What you write must be the listing below in full, word for word, minus its pictures.

▶ **COLLECTED MATERIAL**:
== == ==
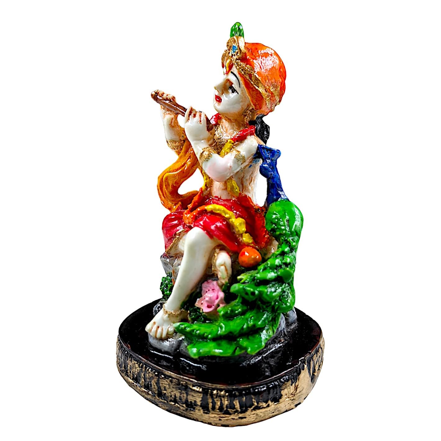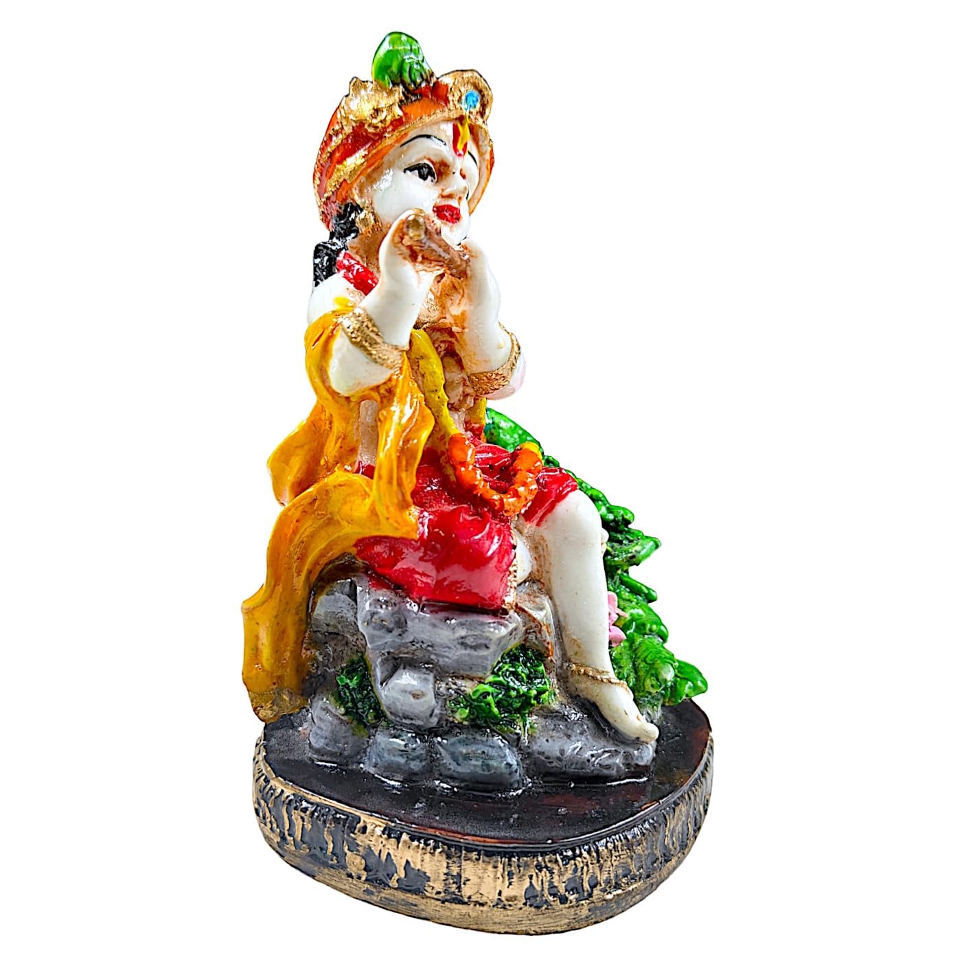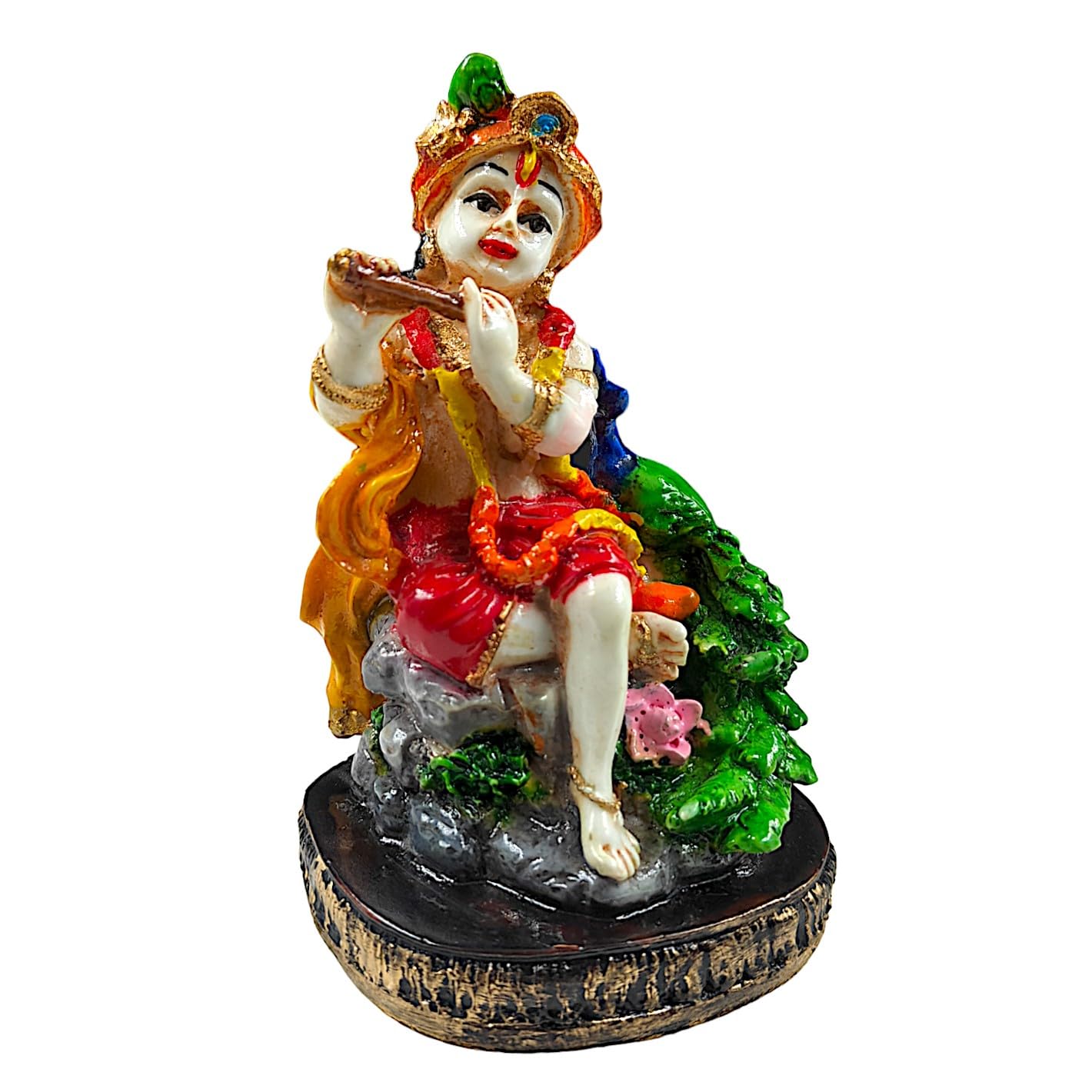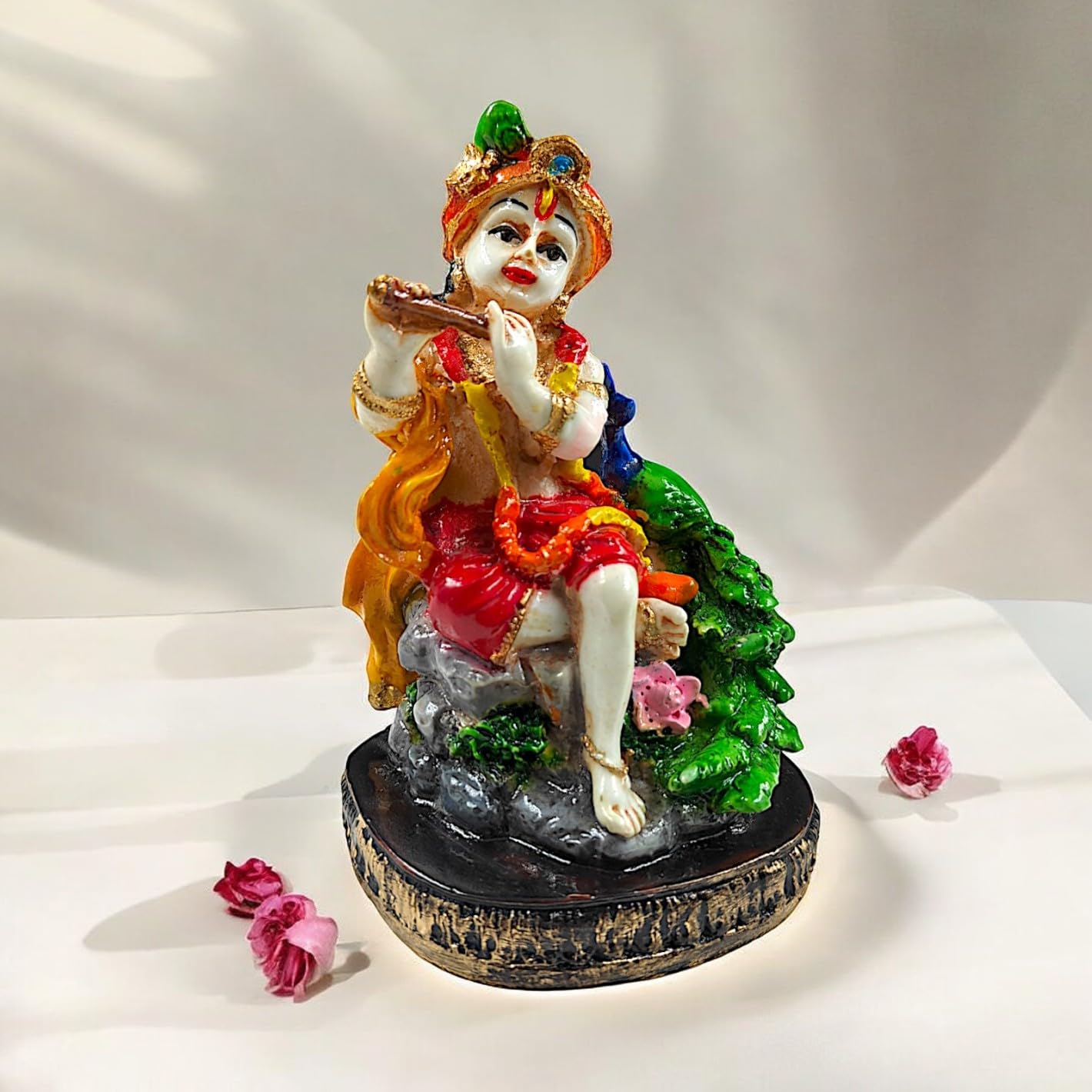 Stylish and divine, this Krishna idol is skillfully crafted from durable resin. A heartwarming gift for family and friends, brightening up any nook, workspace or spiritual corner. Transform your home décor with this stylish piece that also makes a perfect Diwali or housewarming gift. Enchanting Flute- Pose: Captures Lord Krishna in his most beloved form, playing the flute, which symbolizes the melody of creation, divine love, and harmony, filling your space with positive vibrations. Vibrant Hand- Details: Meticulously crafted from high- durable resin-crafted and adorned with rich, hand- colours, showcasing detailed details on Krishna' attire, ornaments, and the distinct peacock feather. Iconic Peacock Feather Adornment: Features a prominent peacock feather, a sacred emblem associated with Lord Krishna, adding to the figurine' authenticity and spiritual significance. Perfect for Spiritual and Home Home Decor: Emblem of Joy and Devotion: Lord Krishna embodies supreme love, joy, and devotion. His presence is believed to foster happiness, remove worries, and attract positive energies into the household. Fortunate Gifting Choice: A profoundly meaningful and cherished gift for Janmashtami, Diwali, housewarmings, weddings, or for anyone who reveres Lord Krishna and appreciates devotional art. Perfect for adding a stylish accent to your living space. A versatile décor piece for those searching for decor kart, homedecor.cart and home decor.kart, perfect for elevating your home style or gifting.
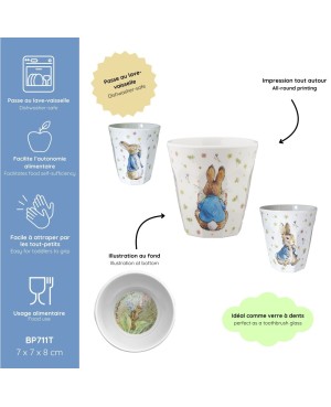 Contenance (ml)220MatièreMELAMINEÂge conseillé18m+Dimensions (cm)8,6 x 8,6 x 9Conseil d'entretienLaver avant la première utilisationIllustrationPierre LapinCouleurblanc
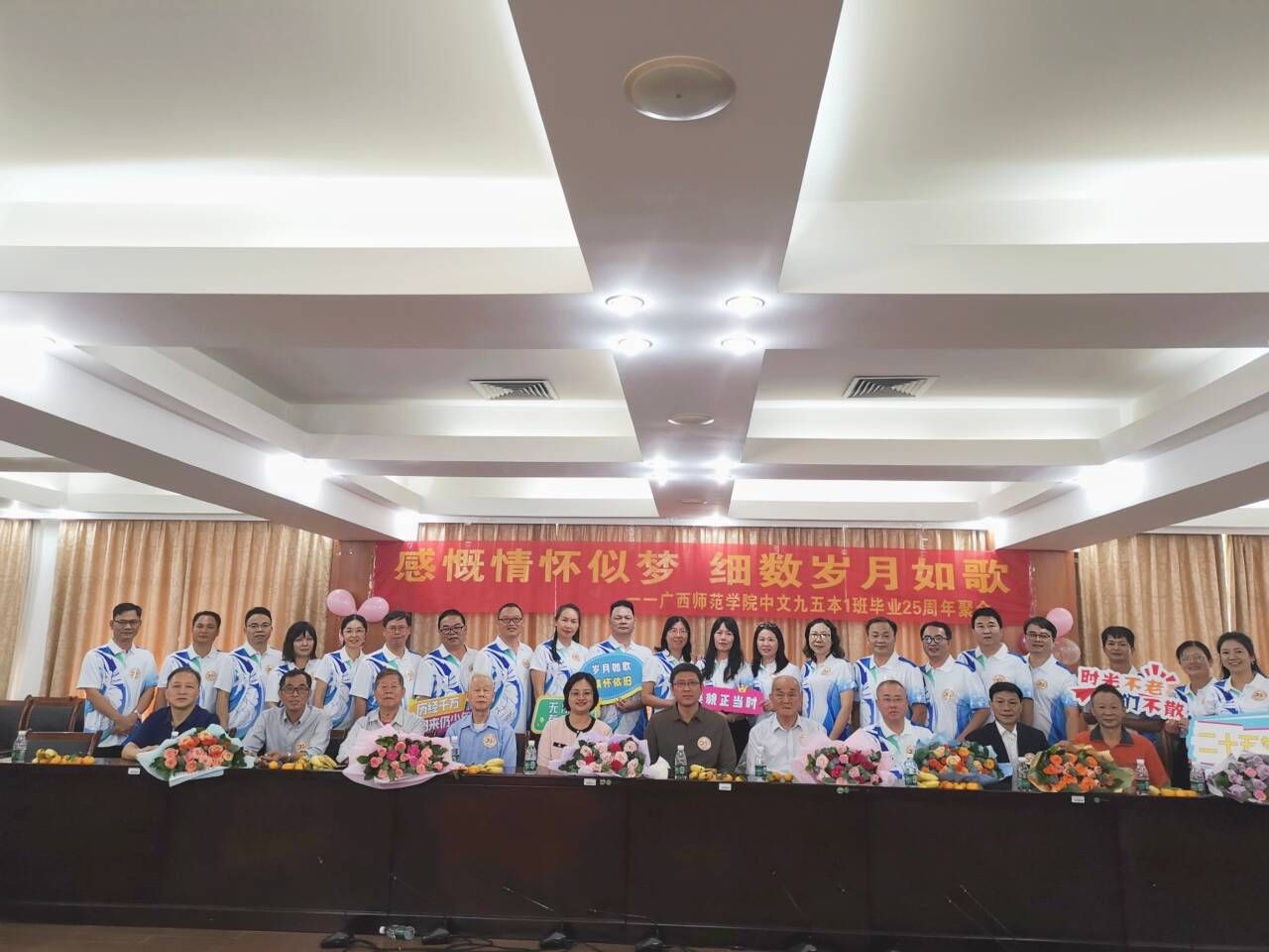 10月26日上午,betway必威西汉姆联官网中文系95级本科1班同学回到母校,在他们当年发奋读书、青春有为的明秀校区鸿远楼409会议室隆重举行以“感慨情怀似梦,细数岁月如歌”为主题的毕业25周年纪念活动。文学院党委书记旷晓霞、院长石勇和当年专业授课教师江业国教授、吴隐林教授、王光荣教授、施平教授、李福灼教授、宾恩海教授、李志元教授、何玉嘉老师等应邀参加座谈会。座谈会由该班班长、我校来宾校友办常务副主任、柳州地区民族高级中学党委书记邓东锋主持。
== == ==
▶ **PROBLEM SOLUTION**:
 Stylish and divine, this Krishna idol is skillfully crafted from durable resin. A heartwarming gift for family and friends, brightening up any nook, workspace or spiritual corner. Transform your home décor with this stylish piece that also makes a perfect Diwali or housewarming gift. Enchanting Flute- Pose: Captures Lord Krishna in his most beloved form, playing the flute, which symbolizes the melody of creation, divine love, and harmony, filling your space with positive vibrations. Vibrant Hand- Details: Meticulously crafted from high- durable resin-crafted and adorned with rich, hand- colours, showcasing detailed details on Krishna' attire, ornaments, and the distinct peacock feather. Iconic Peacock Feather Adornment: Features a prominent peacock feather, a sacred emblem associated with Lord Krishna, adding to the figurine' authenticity and spiritual significance. Perfect for Spiritual and Home Home Decor: Emblem of Joy and Devotion: Lord Krishna embodies supreme love, joy, and devotion. His presence is believed to foster happiness, remove worries, and attract positive energies into the household. Fortunate Gifting Choice: A profoundly meaningful and cherished gift for Janmashtami, Diwali, housewarmings, weddings, or for anyone who reveres Lord Krishna and appreciates devotional art. Perfect for adding a stylish accent to your living space. A versatile décor piece for those searching for decor kart, homedecor.cart and home decor.kart, perfect for elevating your home style or gifting.
 Contenance (ml)220MatièreMELAMINEÂge conseillé18m+Dimensions (cm)8,6 x 8,6 x 9Conseil d'entretienLaver avant la première utilisationIllustrationPierre LapinCouleurblanc
 10月26日上午,betway必威西汉姆联官网中文系95级本科1班同学回到母校,在他们当年发奋读书、青春有为的明秀校区鸿远楼409会议室隆重举行以“感慨情怀似梦,细数岁月如歌”为主题的毕业25周年纪念活动。文学院党委书记旷晓霞、院长石勇和当年专业授课教师江业国教授、吴隐林教授、王光荣教授、施平教授、李福灼教授、宾恩海教授、李志元教授、何玉嘉老师等应邀参加座谈会。座谈会由该班班长、我校来宾校友办常务副主任、柳州地区民族高级中学党委书记邓东锋主持。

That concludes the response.